Effort: 3 story points

Test BunnyStorageClient upload functionality (mock HTTP calls)
Test URL generation for various content types
Test file path generation (slug creation, special characters)
Test URL logger (file creation, duplicate prevention)
Test deployment service (successful upload, failed upload, mixed results)
Test database status updates
Mock Bunny.net API responses
Achieve >80% code coverage for new modules

10. Integration Tests

Effort: 2 story points

Test end-to-end deployment of small batch (2-3 articles)
Test deployment with boilerplate pages
Test deployment without boilerplate pages
Test URL logging (multiple deployments, different days)
Test database updates (status changes, URLs stored)
Test CLI command with dry-run mode
Test continue-on-error behavior
Verify no duplicate URLs in log files

Technical Notes

Bunny.net Storage API

Bunny.net has two separate APIs:

Account API (existing BunnyNetClient): For creating storage zones, pull zones
- Uses BUNNY_ACCOUNT_API_KEY from .env
Storage API (new BunnyStorageClient): For uploading/managing files
- Uses BUNNY_API_KEY from .env (account-level storage access)
- Uses storage_zone_password from SiteDeployment model (per-zone password)
- Requires BOTH credentials for authentication

Storage API authentication:

Base URL: https://storage.bunnycdn.com/{zone_name}/{file_path}
Authentication method to be determined during implementation:
- BUNNY_API_KEY from .env (account-level)
- storage_zone_password from database (per-zone, returned in JSON when zone is created)
- May require one or both keys depending on Bunny.net's API requirements
Storage API key can be extracted from Bunny.net JSON response during zone creation
If implementation issues arise, reference code/examples can be provided

Upload example:

# Get site from database
site = site_repo.get_by_id(site_deployment_id)

# Get API key from .env
bunny_api_key = os.getenv("BUNNY_API_KEY")

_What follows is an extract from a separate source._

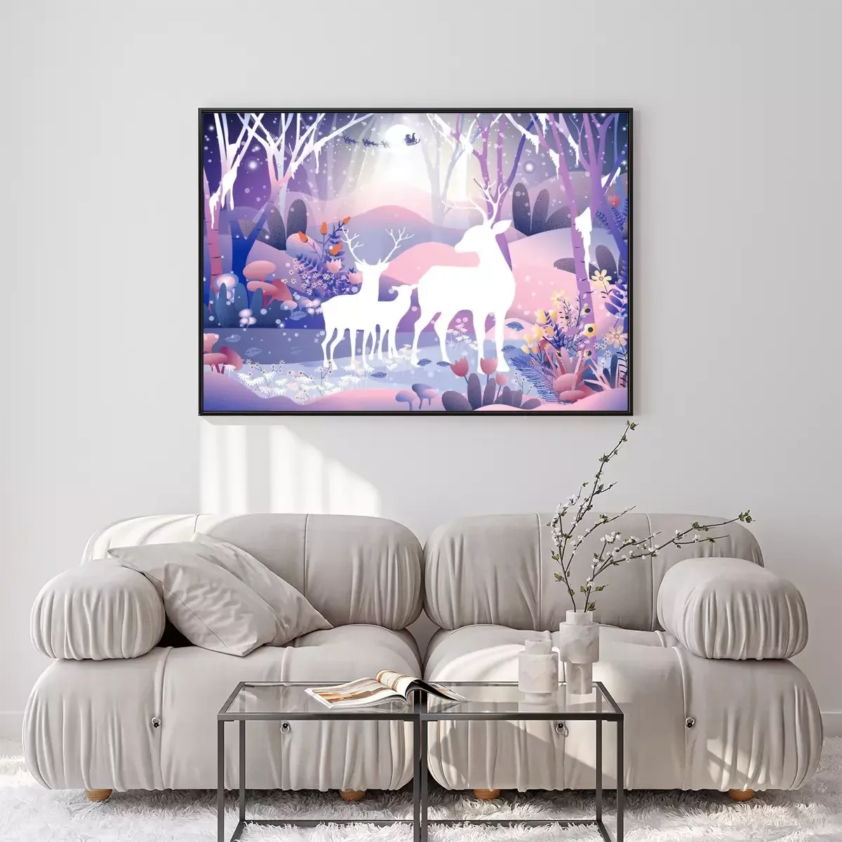 Poster  Cerf blanc dans la forêt fantastique

# Upload (authentication method TBD during implementation)
PUT https://storage.bunnycdn.com/{site.storage_zone_name}/my-article.html
Headers:
  AccessKey: {bunny_api_key OR site.storage_zone_password}  # TBD
  Content-Type: text/html
Body:
  <html>...</html>

File Path Structure

Storage Zone: my-zone
Region: DE (Germany)

Articles:
  /my-article-slug.html
  /another-article.html
  /third-article-title.html

Boilerplate pages:
  /about.html
  /contact.html
  /privacy.html

Not using subdirectories for simplicity
Future: Could organize by date or category

URL Logger Implementation

# src/deployment/url_logger.py

import os
from datetime import datetime
from typing import Set
from pathlib import Path
import fcntl  # For file locking on Unix

class URLLogger:
    def __init__(self, logs_dir: str = "deployment_logs"):
        self.logs_dir = Path(logs_dir)
        self.logs_dir.mkdir(exist_ok=True)
    
    def log_article_url(self, url: str, tier: str, date: datetime = None):
        if date is None:
            date = datetime.utcnow()
        
        # Determine file
        tier_num = self._extract_tier_number(tier)
        if tier_num == 1:
            filename = f"{date.strftime('%Y-%m-%d')}_tier1_urls.txt"
        else:
            filename = f"{date.strftime('%Y-%m-%d')}_other_tiers_urls.txt"
        
        filepath = self.logs_dir / filename
        
        # Check for duplicates
        existing = self.get_existing_urls(tier, date)
        if url in existing:
            return  # Skip duplicate
        
        # Append to file (with lock)
        with open(filepath, 'a') as f:
            fcntl.flock(f, fcntl.LOCK_EX)
            f.write(f"{url}\n")
            fcntl.flock(f, fcntl.LOCK_UN)
    
    def get_existing_urls(self, tier: str, date: datetime = None) -> Set[str]:
        """
        Get existing URLs from log file to prevent duplicates
        
        This is critical for preventing duplicate entries when:
        - Auto-deployment runs, then manual re-run happens
        - Deployment fails partway and is restarted
        """
        if date is None:
            date = datetime.utcnow()
        
        tier_num = self._extract_tier_number(tier)
        if tier_num == 1:
            filename = f"{date.strftime('%Y-%m-%d')}_tier1_urls.txt"
        else:
            filename = f"{date.strftime('%Y-%m-%d')}_other_tiers_urls.txt"
        
        filepath = self.logs_dir / filename
        
        if not filepath.exists():
            return set()
        
        with open(filepath, 'r') as f:
            return set(line.strip() for line in f if line.strip())
    
    def _extract_tier_number(self, tier: str) -> int:
        # Extract number from "tier1", "tier2", etc.
        return int(''.join(c for c in tier if c.isdigit()))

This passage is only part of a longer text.